The mind can get divided each time we experience a traumatic stress. The more we understand the mind of the patients with DID, the more convinced we are that our mind has that nature. Each time a serious event occurs, a new personality can develop which holds that event.
If each personality is in charge of its proper memory, the personality and the memory are inseparably connected to each other. The fact that one experiences an event means that there is a personality with the memory of that event. It would be fortunate if that personality is continuous to the main body of it, but unfortunately it is not always the case in patients with DID.

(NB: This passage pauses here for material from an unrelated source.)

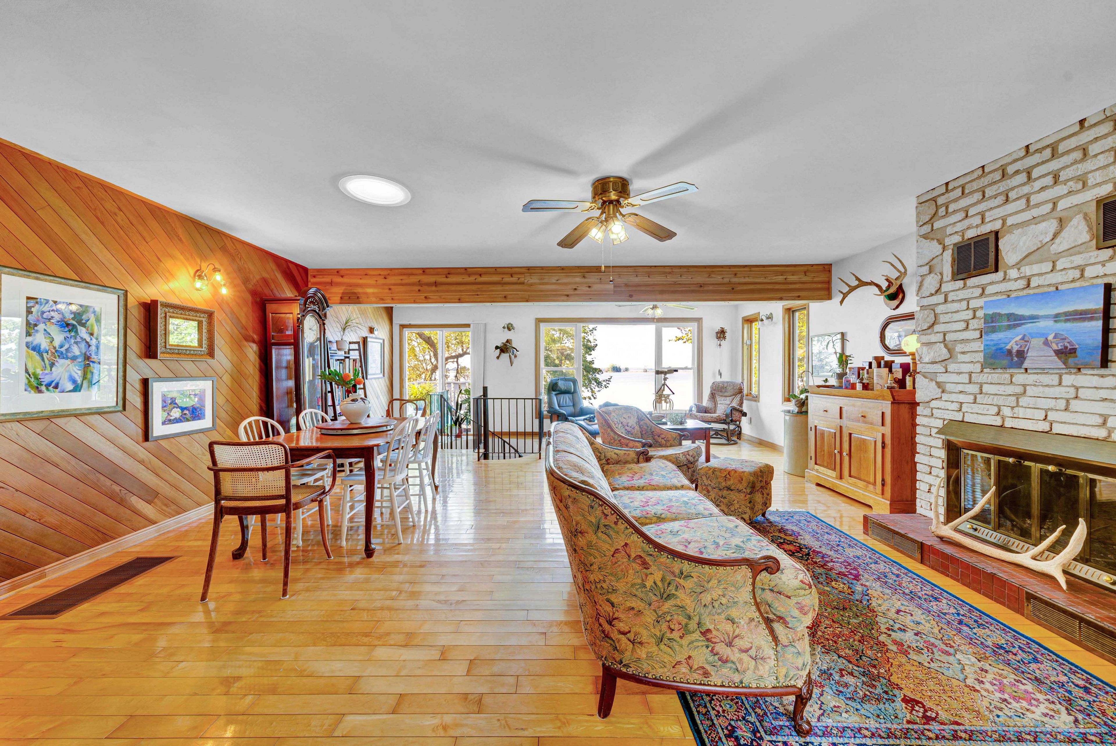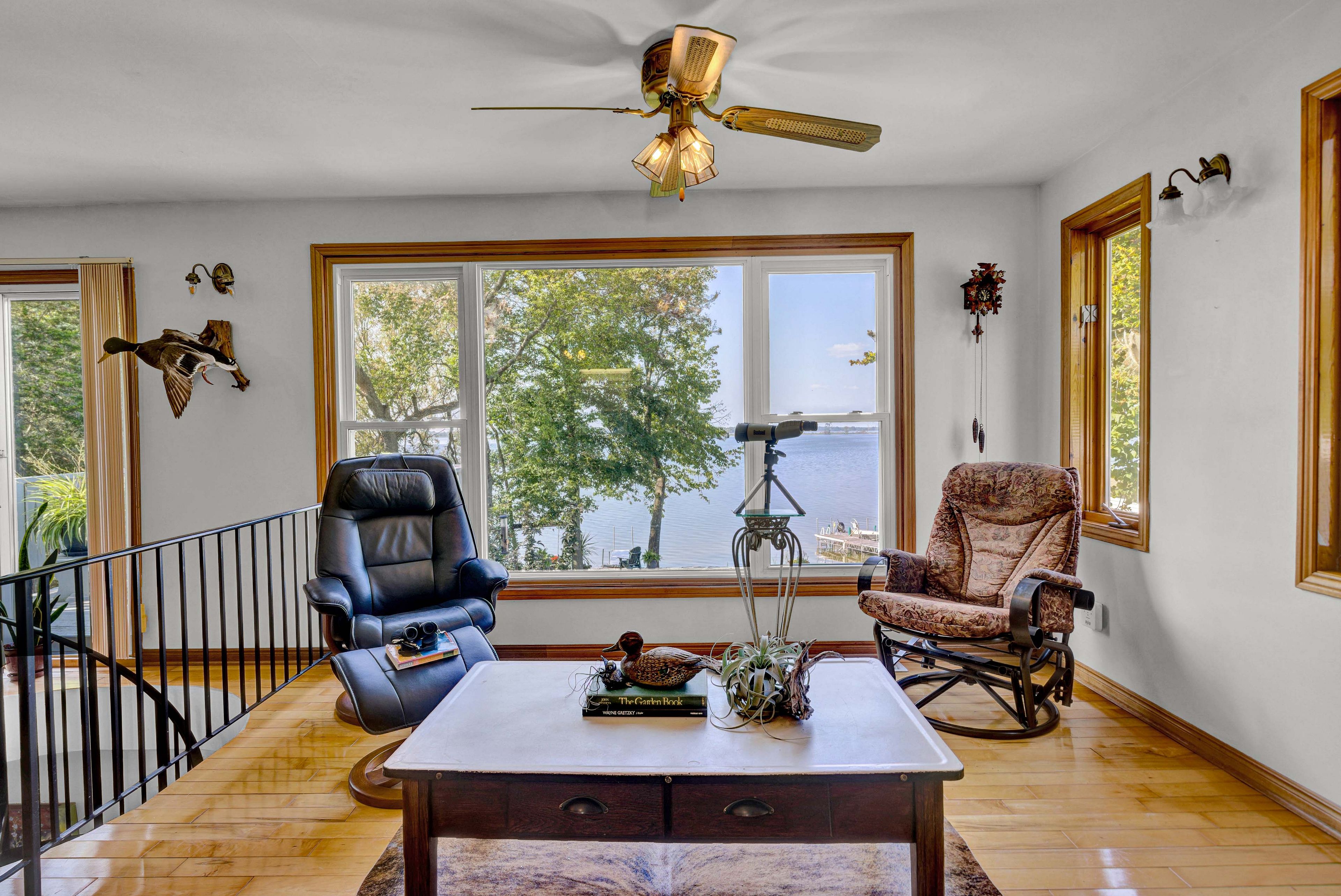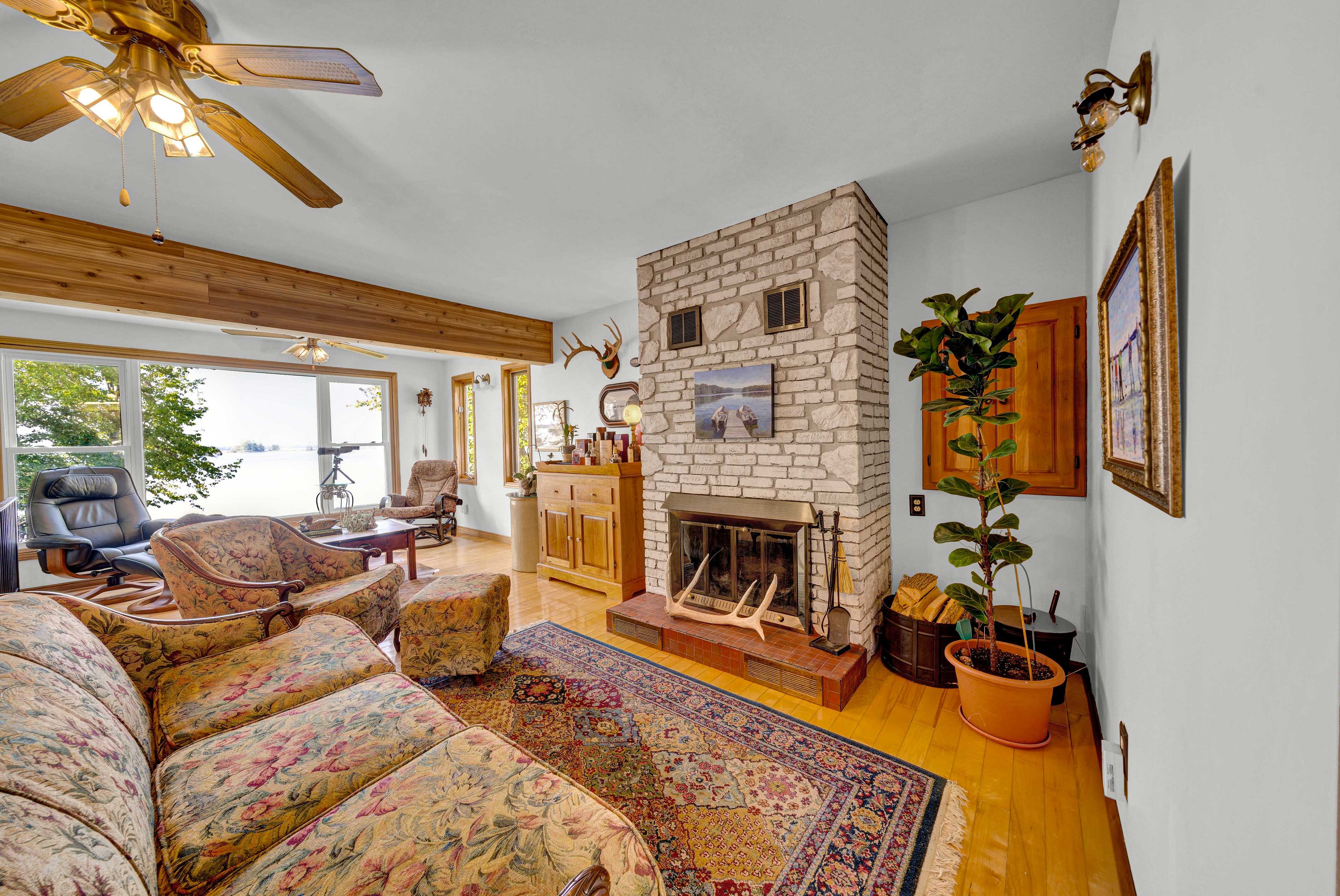 Experience waterfront living at its finest! At the end of a very well maintained, private road, this wonderful, four-season property fronts directly on muscote bay. An area renowned for its wildlife, fishing and maybe one of the county's best kept secrets. With three bedrooms and two bathrooms, this home offers comfort and a classic style. The upper floor is anchored by a wood-burning fireplace, creating a warm ambiance, while large picture windows provide exceptional light and breathtaking views of the water. Perfect for bird watching or simply relaxing and enjoying the serene surroundings. A beautiful circular staircase leads you down to the fully finished lower level, boasting high ceilings and expansive bright windows that flood the space with natural light. This versatile area is ideal for additional living space, a creative studio, or a productive workspace. The propane fireplace ensures that you'll be toasty warm even on the chilliest of days. Walk right out onto your patio with stunning views of the water. Immerse yourself in the tranquility of lakeside living while enjoying all the amenities this exceptional property has to offer. Swim off the dock. Breath in the calm. Don't miss your chance to make this idyllic waterfront retreat your own, and you too can call the county home!

I show a diagram here describing these conditions. (Diagram #2)
In this diagram, the vicissitude of a person is shown along the vertical axis of time. The∩shape indicates the personality of each moment when a major event occurs. These are stacked up on top of each other, forming a pile of personalities as an individual history of a person. You may notice, however, that these ∩shapes are not directly on top of each other, but are somehow dislocated to each other, subtlety in right or left. This depicts a condition where each time a major event occurs; our self consciousness self-image is shook up and fluctuates. He would have a lower self-esteem after some failure or uplifted and inflated self image after a small success, and so on. You also notice that there are two columns made of ∩shape piles. The column on the left side describes a life without a major trauma whereas the right one sustains t trauma.
Let us examine the life without trauma first. Imagine that you are 30 years old and compare yourself with who you were at the age 15. the self-awareness at the age 15 is descried as∩(15) and that of 30 by ∩(30).in your mind, ∩(15)and ∩(30) are continuous, as you are already who you are, at least in your mind, at the age 15 or before. You feel that although many things occurred and you are changed, you are still who you are.